• Goal of the exercise:
In this exercise, the entries below include pictures. Repeat exactly the lines from the line with "案例简介:厂区车间内有三台冲" to the line with "fichier de découpe", including both, but without the pictures.

:: Data extracts

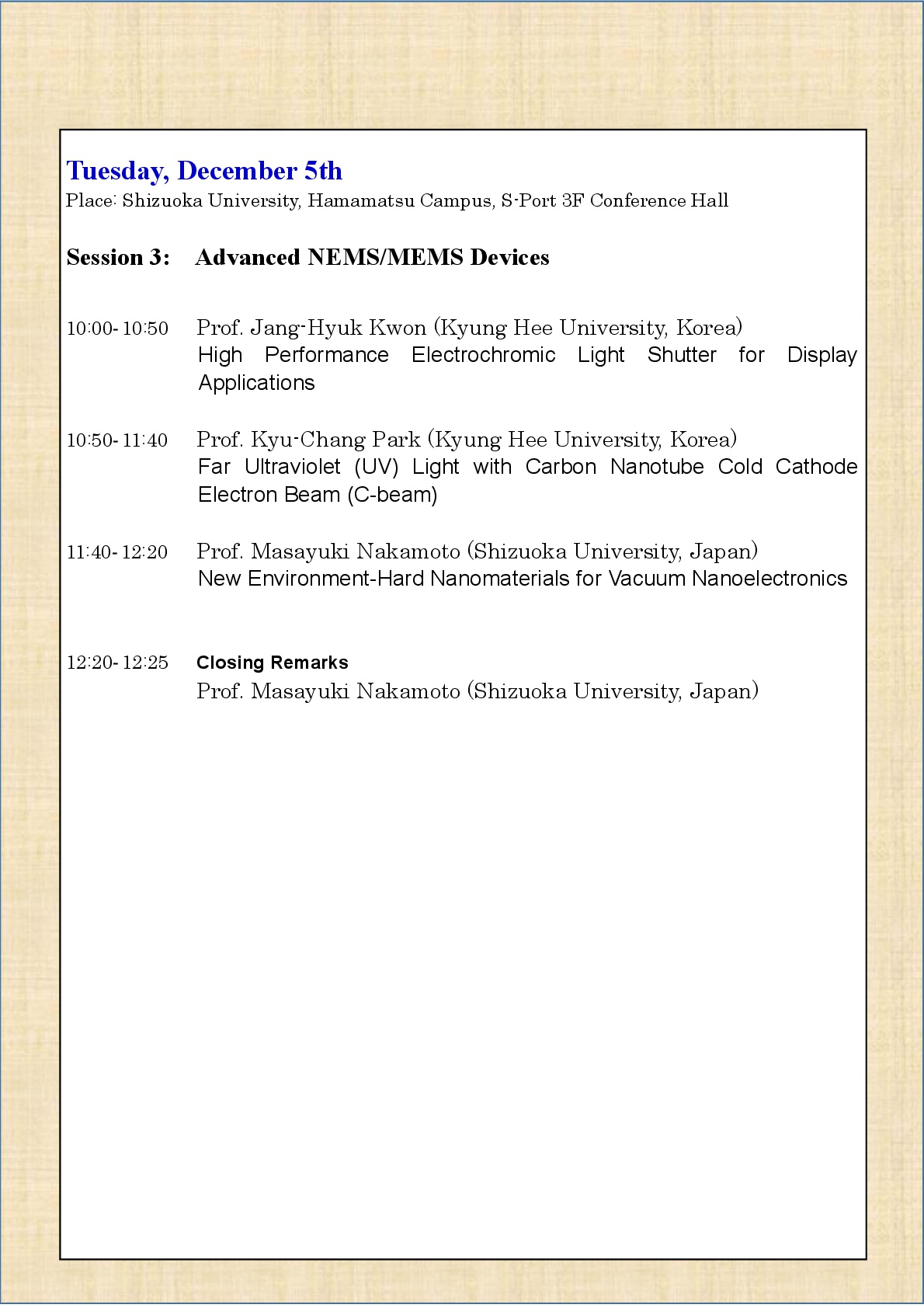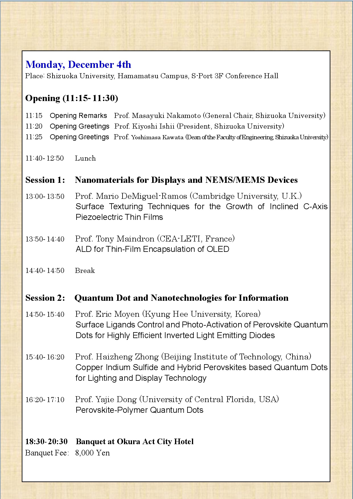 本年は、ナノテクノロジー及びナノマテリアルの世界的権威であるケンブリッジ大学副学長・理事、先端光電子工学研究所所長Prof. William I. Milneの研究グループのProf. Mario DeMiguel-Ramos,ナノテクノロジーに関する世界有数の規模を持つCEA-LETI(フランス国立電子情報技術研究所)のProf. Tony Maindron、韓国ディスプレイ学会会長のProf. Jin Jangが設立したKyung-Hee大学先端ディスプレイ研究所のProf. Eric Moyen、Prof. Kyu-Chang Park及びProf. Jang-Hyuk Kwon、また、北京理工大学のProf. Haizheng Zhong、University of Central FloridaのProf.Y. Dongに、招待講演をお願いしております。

::::
:: Data extracts

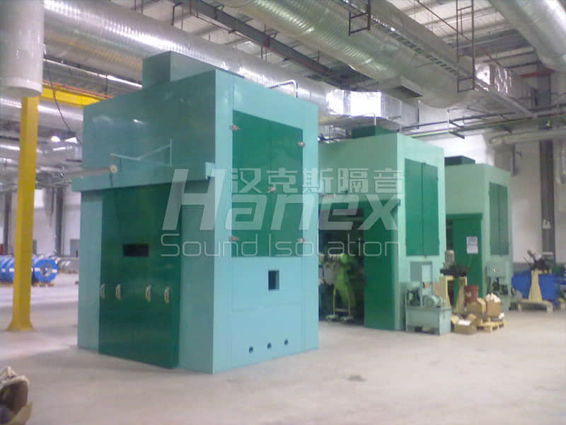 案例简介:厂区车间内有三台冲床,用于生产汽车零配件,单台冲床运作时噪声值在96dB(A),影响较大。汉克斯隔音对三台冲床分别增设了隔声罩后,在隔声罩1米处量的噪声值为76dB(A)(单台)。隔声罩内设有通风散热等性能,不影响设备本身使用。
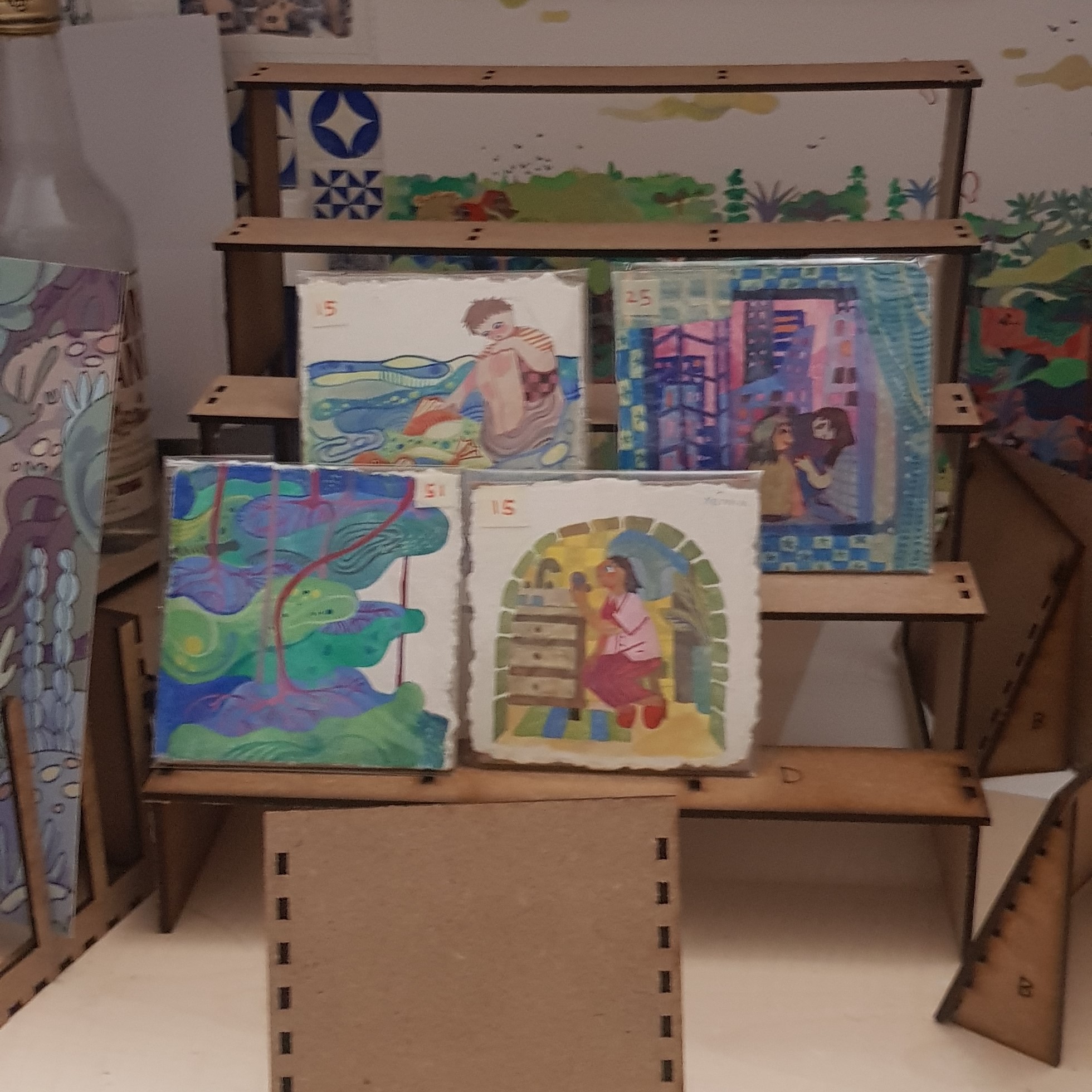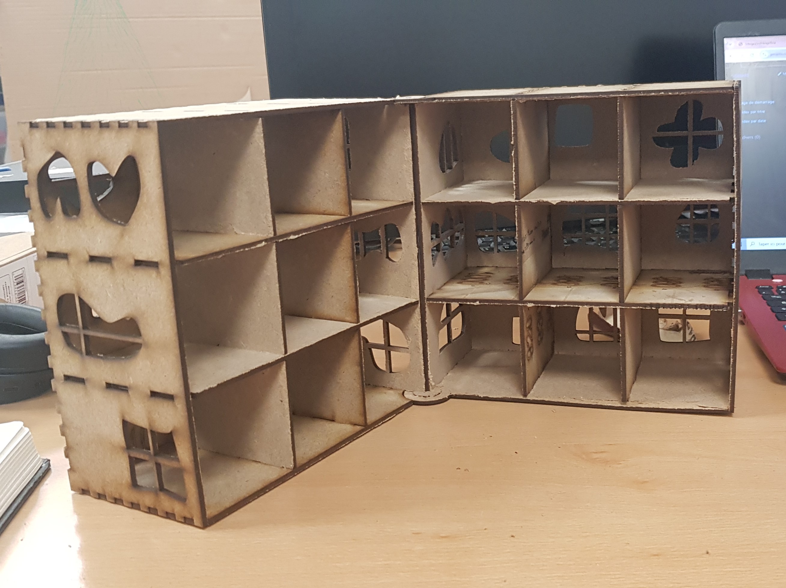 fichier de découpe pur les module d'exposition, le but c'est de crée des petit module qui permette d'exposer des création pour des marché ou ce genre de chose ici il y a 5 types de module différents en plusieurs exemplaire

::::
:: Data extracts

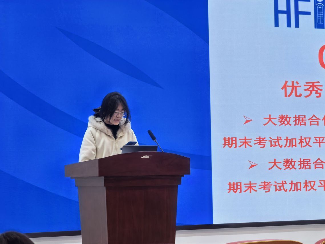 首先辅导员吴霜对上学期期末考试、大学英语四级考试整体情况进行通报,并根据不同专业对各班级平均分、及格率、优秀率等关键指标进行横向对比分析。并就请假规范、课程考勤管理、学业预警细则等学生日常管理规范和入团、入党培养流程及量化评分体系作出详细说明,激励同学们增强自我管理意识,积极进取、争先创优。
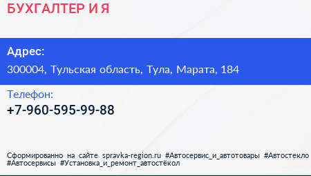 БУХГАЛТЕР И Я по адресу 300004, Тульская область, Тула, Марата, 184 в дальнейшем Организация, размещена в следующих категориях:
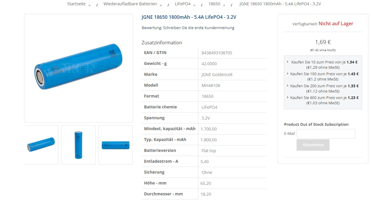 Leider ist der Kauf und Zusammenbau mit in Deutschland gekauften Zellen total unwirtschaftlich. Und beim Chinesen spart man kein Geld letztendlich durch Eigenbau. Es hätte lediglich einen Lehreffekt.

::::

• Response for this exercise:
 案例简介:厂区车间内有三台冲床,用于生产汽车零配件,单台冲床运作时噪声值在96dB(A),影响较大。汉克斯隔音对三台冲床分别增设了隔声罩后,在隔声罩1米处量的噪声值为76dB(A)(单台)。隔声罩内设有通风散热等性能,不影响设备本身使用。
 fichier de découpe pur les module d'exposition, le but c'est de crée des petit module qui permette d'exposer des création pour des marché ou ce genre de chose ici il y a 5 types de module différents en plusieurs exemplaire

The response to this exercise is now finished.